Whatever you choose, explore and enjoy!

Daisy Watson-Rumbold

The isolation of lockdown rekindled my love for exploring the words and characters of a good novel, so this summer I'm hoping to educate myself, and hopefully, get lost in a few more brilliant books. 

To suit the mood of a COVID-infected world, I'm reading George Orwell's 'Nineteen Eighty-Four' at the moment and hoping to follow it on with an equally dystopian novel, Anthony Burgess' 'A Clockwork Orange". Politics is something that gets me going, so I'm hoping these books will challenge a few of my political and societal ideals. Speaking of challenges, I'm hoping that I'll gather the courage to start Cervante's 'Don Quixote", and the commitment to finish it. 
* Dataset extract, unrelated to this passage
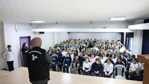 Kartepe Belediyesi Temizlik İşleri ekipleri, Şirinsulhiye İlkokulu ve Derbent Ortaokulu'nda öğrencilere atık ayrıştırma ve geri dönüşüm eğitimi verdi.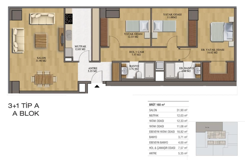 | Flat | 3 | 160 | ₺750,000 |

I'm also hoping to delve into some non-fiction books, 'The Secret Barrister" and Lisa Appignanesi's "Mad, Bad and Sad: A history of women and the mind doctors from 1800 to the present." have caught my interest. Both books expose parts of our society that interest me and will broaden my horizons on those subjects.


Following a feminist pattern, I'm going to use the summer to embrace some more female writers in history. Sylvia Plath's 'Bell Jar', 'Johnny Panic and the Bible of Dreams' and the poems in 'Ariel' are holding a place. As well as Alice Walker's 'The Colour Purple' and 'Rebecca' by Daphne Du Maurier.